Macro Systems Blog
The Difference Between Shutting Down and Restarting Your Computer
You might be familiar with a situation where your technology is malfunctioning and someone says to you “Why don’t you turn it off and turn it back on?” What you have no way of knowing is that by turning it off and turning it back on, you aren’t getting the same result you would if you simply restarted the machine.
It sounds ridiculous, but turning your computer off doesn’t accomplish the same thing as restarting it does, at least not anymore. Below is a look at the differences.
What’s the Difference Between the Shut Down and Restart Processes?
In older versions of Windows up until Windows 7, shutting your computer down and restarting it resulted in the same process. The computer would shut down, RAM would be reset, and once you started the computer back up, you’d start with no elective processes running. With the introduction of Microsoft’s first “metro” OS, Windows 8, this process changed. In these OSs, Microsoft has a new startup process called Fast Startup.
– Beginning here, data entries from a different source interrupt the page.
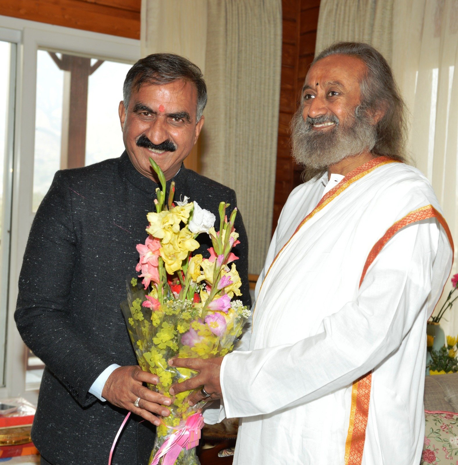 शिमला, मुख्यमंत्री ठाकुर सुखविंदर सिंह सुक्खू ने बुधवार को कांगड़ा जिला के गुजरेहड़ा में आध्यात्मिक गुरू श्री श्री रविशंकर से भेंट की और उन्हें हिमाचली टोपी और शॉल भेंट कर सम्मानित किया।
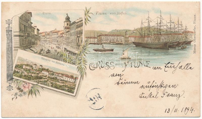 Description: 1894 (Vorläufer) Fiume, Rijeka; Corso, Hafen, Tersatto mit Schloss / port, Trsat with castle, street view. Marco Oberdorfer Art Nouveau, floral, litho (fl)
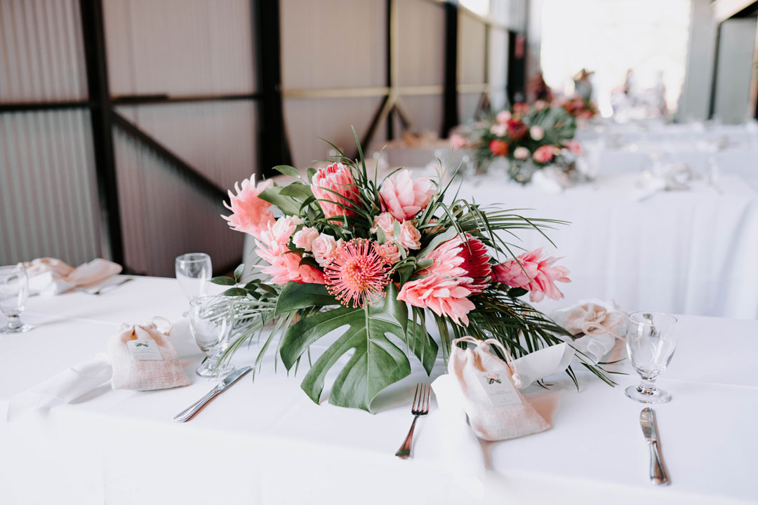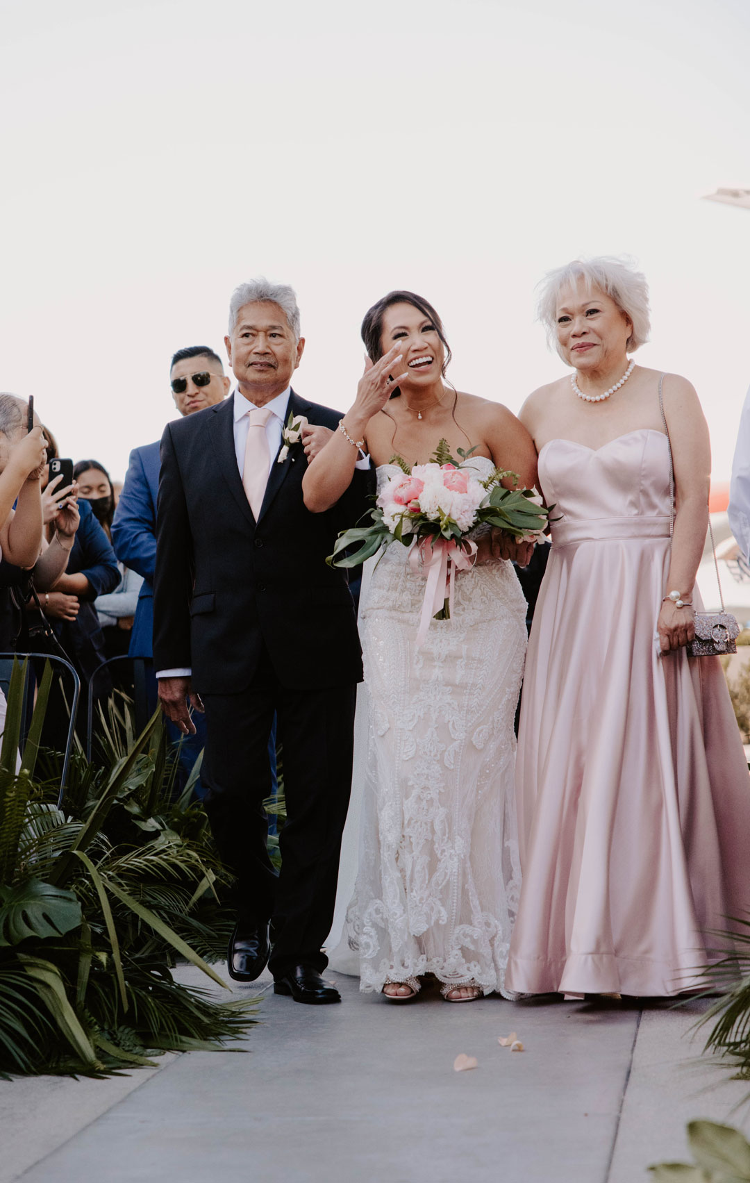 After getting ready at a nearby hotel, Stephanie and Jonathan arrived at Hangar 21 South with their wedding party. Making sure to stay separated until the ceremony, Jonathan and his groomsmen claimed the tarmac and Stephanie and her bridesmaids took the bridal suite for photos. Each groomsman wore a charcoal suit and pink tie, and the groom wore light grey. The bridesmaids were dressed in pink and the bride was in a white, lace dress. Bouquets and boutonnieres matched with lush green leaves and pink florals tying into the tropical theme perfectly. Once group photos were done, the wedding party lined up for ceremony.

With this feature, shutting down a device and restarting a device have two separate processes.
Shut Down
The presence of Fast Startup shortens the process of starting up your machine, it does this for shutting down also.
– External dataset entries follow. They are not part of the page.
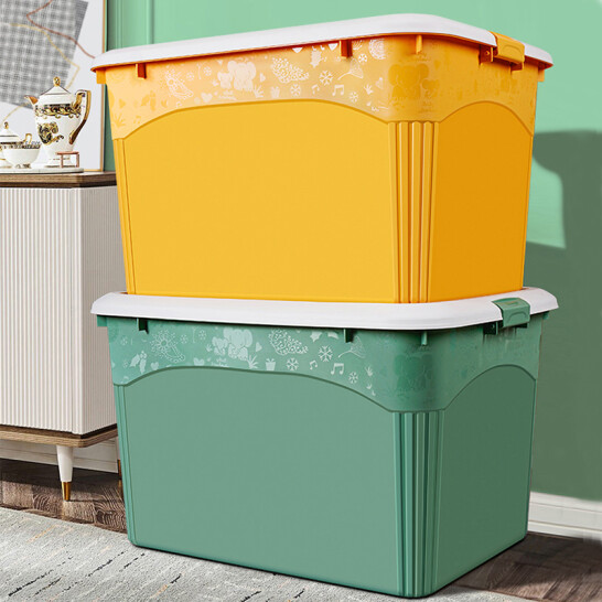 访客 收纳箱 衣服被子收纳箱特大号【120L 两只装】绿+橙 玩具储物搬家箱 打包塑料整理箱
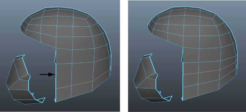 The edge of the mesh on the lower front region of the helmet is comprised of five edges. The corresponding region on the side region of the helmet only has three. You can increase the number of edges on the lower side region by inserting two edge loops across the mesh. Inserting two edge loops in this region of the mesh also divides the large faces so they better match the size of the other faces on the rest of the mesh.
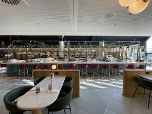 Die Bar selbst ist groß und bietet viele Sitzplätze am Tresen. Darüber hinaus gibt es noch viele Tische in dem Bereich, an denen man Platz nehmen kann.
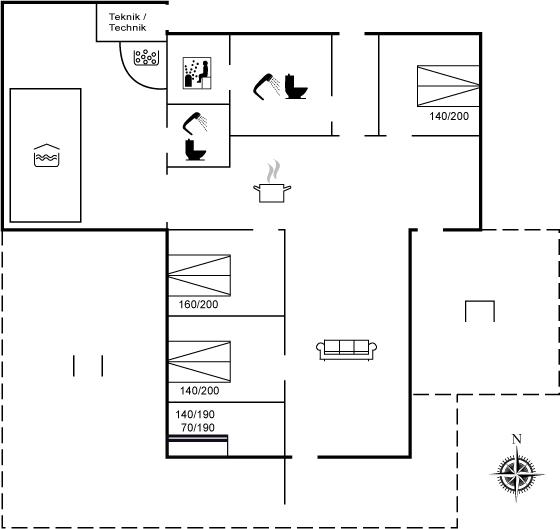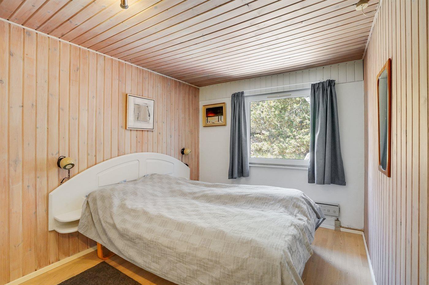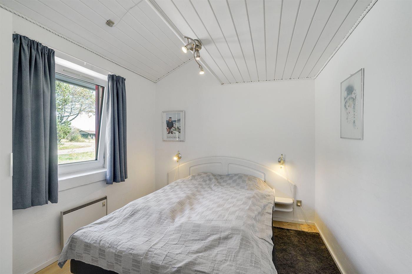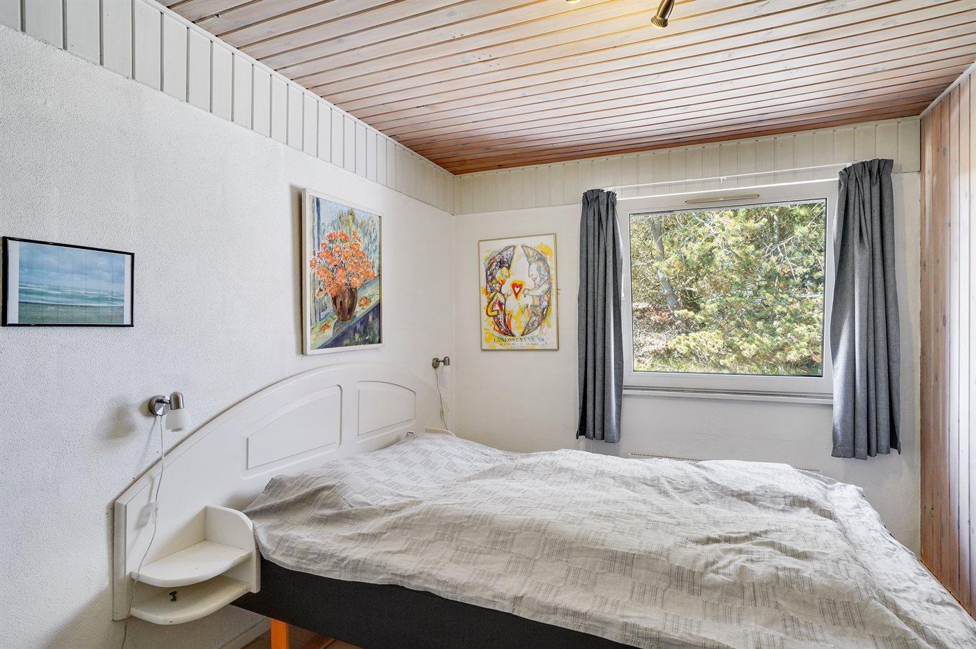 Der er i alt 4 soveværelser. Sovepladserne fordeler sig på: 6 sovepladser i dobbeltsenge. 2 sovepladser i køjeseng. 2 sovepladser på madrasser. 2 af disse sovepladser befinder sig på husets hems. Derudover er der 1 stk. barneseng.
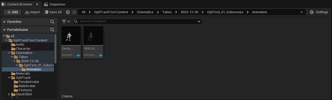 You can find the Take and the associated animations in the Cinematics folder in the Content Browser. Takes are organized with a folder for each subscene. The animations recorded in that subscene are stored in an Animation folder, one for the Device Mannequin and one for the Motive Avatar.

When a user commands the computer to shut down, their programs and files are shut down, but their OS goes into standby mode. This shuts the computer down, unlike the hibernate and standby options, but it also makes Windows faster to reactivate. Since most of the computer’s processes aren’t stopped in their tracks, the problems that got you to shut it down in the first place will still be there when it is rebooted.
Restart
On the other hand, when a user selects to restart, the devices puts a stop to all processes, which is why it takes a little longer to restart than it would to just shut down. It is a fresh boot at the motherboard level.
The difference is in the shutdown process. Funny enough, by “shutting down” a computer, it actually leaves more components active than a restart does, making a restart the recommended process to use when troubleshooting an issue.